** WORK TO COMPLETE **
Return the records word for word. Pictures do not belong in the copy.

(Data items)
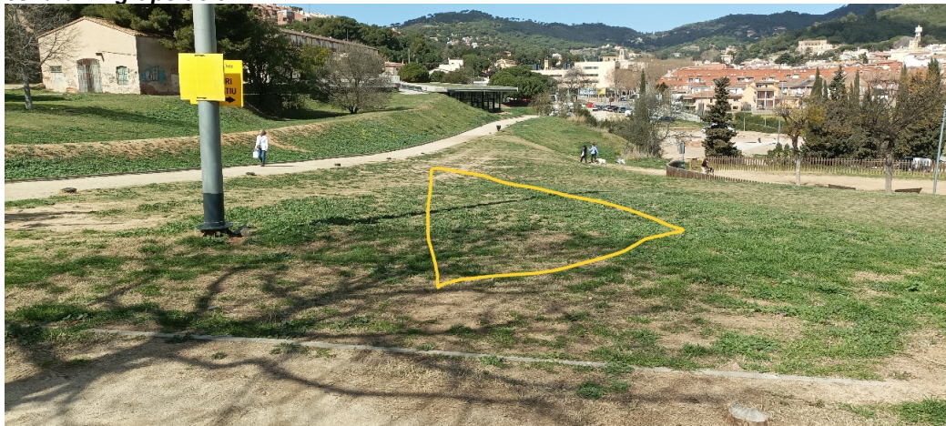
Imatge del primer grup
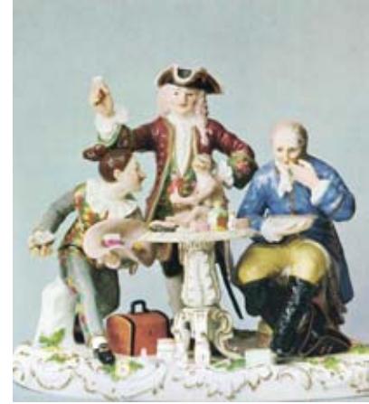
Abbildung 2 Johannes Joachim Kändler, Meißen 1706–1775, Der Zahnbrecher.
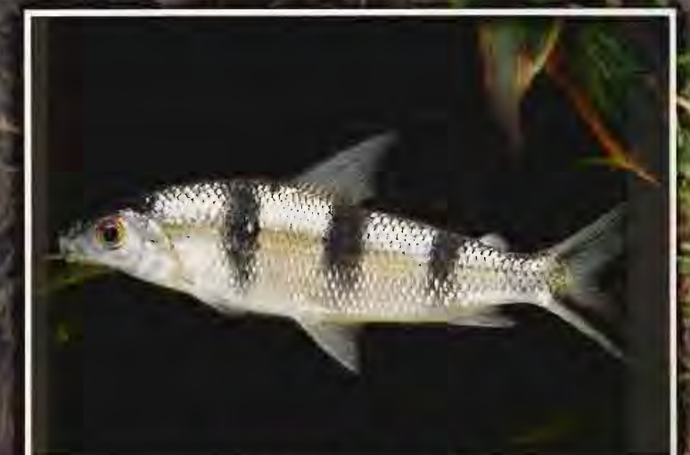
Parasi So C - Kwasimama N
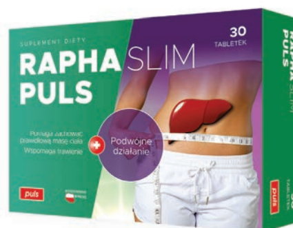
RAPHASLIM PULS 30 tabletek

Suplement diety • Tabletki, 30 sztuk • Raphaslim Puls zawiera składniki wspomagające utrzymanie zdrowej wątroby oraz zachowanie prawidłowej masy ciała i prawidłowego trawienia. • Składniki: substancja wypełniająca: celuloza mikrokryształiczna; L-asparaginian L-ornityny; ekstrakt z kopru włoskiego; cholina; ekstrakt z karczocha; ekstrakt z liści ostrokrzewu paragwajskiego; ekstrakt z korzenia cykorii; ekstrakt z ostrzyżu długiego; substancje przeciwzbrylające: stearynian magnezu, dwutlenek krzemu. • Przeznaczenie: preparat przeznaczony jest dla osób dorosłych. Opakowanie zawiera 3 blister po 10 tabletek.
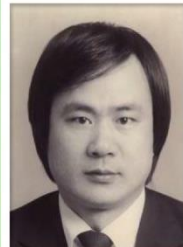
第 7 任家長會長
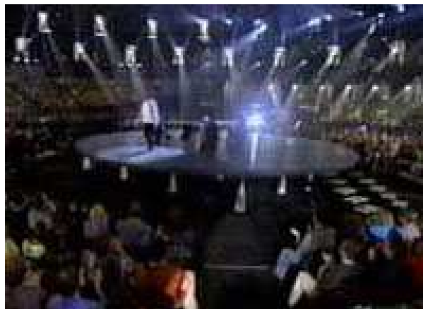
A nézők a színpad körül ülnek

Úgy látszik, hogy Copperfieldről korábban mondott szavaimat vissza kell vonnom, hiszen azokat a Tűztornádóhoz képest egyszerűen angyalian egyszerűnek, ártatlannak lehet nevezni! Éppen itt van a kutya elásva. Hiszen a felvételek alatt a körszínpad két szélén és a hátsó részén ülő nézők nem igazi nézők! Igen... Lassan már elszoktam az "álnézők" kifejezéstől, de hát mit tegyünk. Ne siessenek a "Miféle álnézők? Annyian vannak, hogy nincs annyi asszisztense Copperfieldnek" -- felkiáltásokkal!
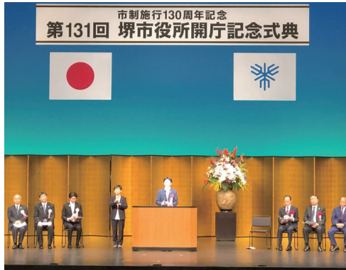
開庁記念式典で挨拶
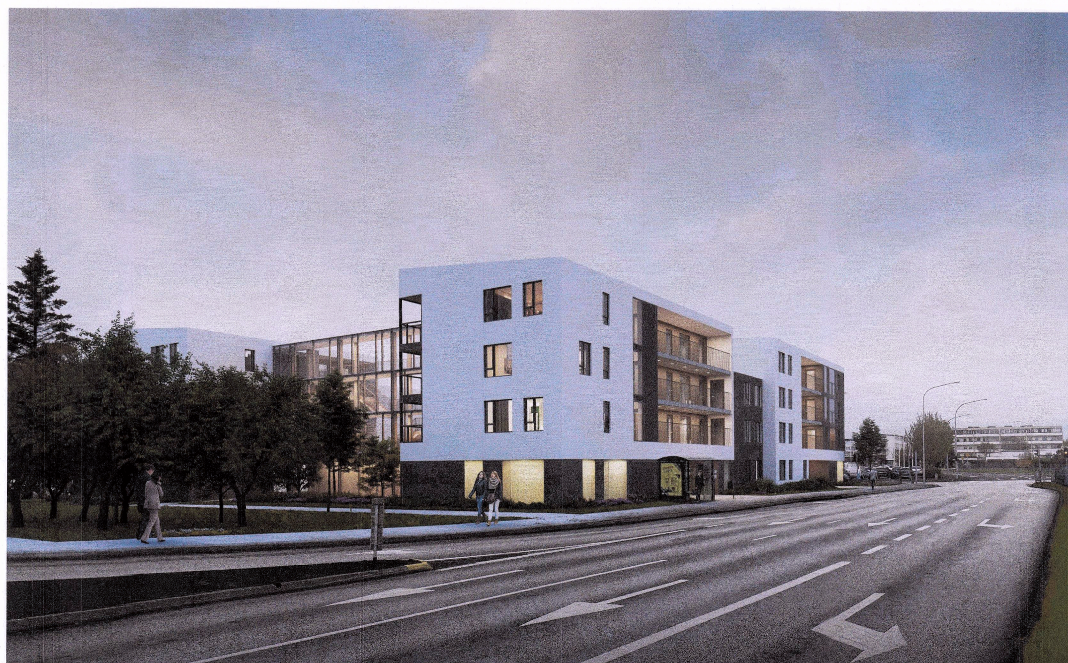
Dæmi um byggingu, séð úr suðaustri Skýringamyndir, byggingar eru dæmi um húsgerð miðað við skilmála deiliskipulags
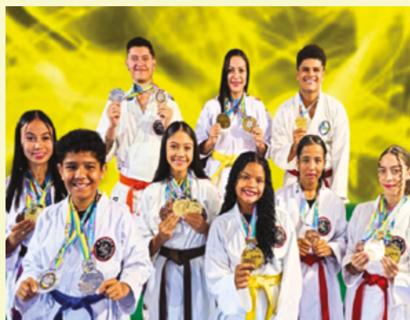
Equipe goiana de Karatê, segundo lugar na classificação geral, com a conquista de seis medalhas de ouro, quatro de prata e três de bronze

** RESULT FOR THIS TASK **
Imatge del primer grup
Abbildung 2 Johannes Joachim Kändler, Meißen 1706–1775, Der Zahnbrecher.
Parasi So C - Kwasimama N
RAPHASLIM PULS 30 tabletek

Suplement diety • Tabletki, 30 sztuk • Raphaslim Puls zawiera składniki wspomagające utrzymanie zdrowej wątroby oraz zachowanie prawidłowej masy ciała i prawidłowego trawienia. • Składniki: substancja wypełniająca: celuloza mikrokryształiczna; L-asparaginian L-ornityny; ekstrakt z kopru włoskiego; cholina; ekstrakt z karczocha; ekstrakt z liści ostrokrzewu paragwajskiego; ekstrakt z korzenia cykorii; ekstrakt z ostrzyżu długiego; substancje przeciwzbrylające: stearynian magnezu, dwutlenek krzemu. • Przeznaczenie: preparat przeznaczony jest dla osób dorosłych. Opakowanie zawiera 3 blister po 10 tabletek.
第 7 任家長會長
A nézők a színpad körül ülnek

Úgy látszik, hogy Copperfieldről korábban mondott szavaimat vissza kell vonnom, hiszen azokat a Tűztornádóhoz képest egyszerűen angyalian egyszerűnek, ártatlannak lehet nevezni! Éppen itt van a kutya elásva. Hiszen a felvételek alatt a körszínpad két szélén és a hátsó részén ülő nézők nem igazi nézők! Igen... Lassan már elszoktam az "álnézők" kifejezéstől, de hát mit tegyünk. Ne siessenek a "Miféle álnézők? Annyian vannak, hogy nincs annyi asszisztense Copperfieldnek" -- felkiáltásokkal!
開庁記念式典で挨拶
Dæmi um byggingu, séð úr suðaustri Skýringamyndir, byggingar eru dæmi um húsgerð miðað við skilmála deiliskipulags
Equipe goiana de Karatê, segundo lugar na classificação geral, com a conquista de seis medalhas de ouro, quatro de prata e três de bronze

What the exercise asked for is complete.